Mussoni Maria Pia, Veneziano F A, Boetti L, Tassi C, Calisesi C, Nucci S, Rigotti A, Panzini I, Ardissino G
U.O. Immunohematology and Transfusion Medicine, Rimini AUSL Romagna.
U.O. Immunohematology and Transfusion Medicine, Rimini AUSL Romagna.
Transfus Apher Sci. 2014 Oct;51(2):134-6. doi: 10.1016/j.transci.2014.08.027. Epub 2014 Sep 16.

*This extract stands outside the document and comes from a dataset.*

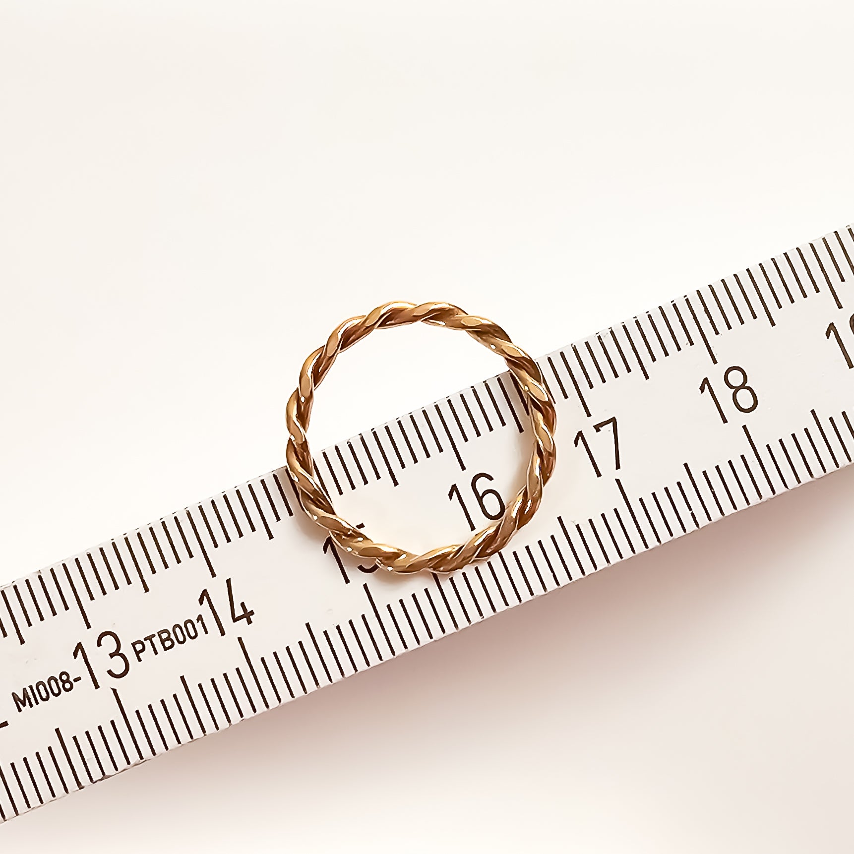 Wenn es bereits einen Ring gibt, der gut passt, hilft uns von diesem der Innendurchmesser sehr weiter, um die richtige Ringgröße zu errechnen. Hierfür legt man den Ring wie abgebildet auf ein Lineal oder Zollstock. Wichtig: Die breiteste Stelle des Ringe, die „Mitte Mitte“ , soll an die Messstreifen des Lineals geschoben werden, die Millimeterstriche gehen nun mittig durch den Ring.

The atypical HUS (aHUS) is a rare genetic disease, with poor prognosis, characterized by microangiopathic hemolytic anemia, thrombocytopenia and acute renal failure. This syndrome is often related to mutations in the genes encoding complement regulatory proteins. A 26-year-old woman with homozygous mutation in complement factor H (CFH) developed a relapse of aHUS at 17th week of pregnancy. Despite treatment with plasma exchange (PEX), at the 26th week of gestation eculizumab was started. The sequential treatment with eculizumab after PEX was well tolerated and it has led to clinical remission.
非典型溶血尿毒综合征(aHUS)是一种罕见的遗传性疾病,预后较差,其特征为微血管病性溶血性贫血、血小板减少和急性肾衰竭。该综合征常与编码补体调节蛋白的基因突变有关。一名26岁的女性,补体因子H(CFH)存在纯合突变,在妊娠第17周时aHUS复发。尽管进行了血浆置换(PEX)治疗,但在妊娠第26周时开始使用依库珠单抗。PEX后序贯使用依库珠单抗耐受性良好,并导致了临床缓解。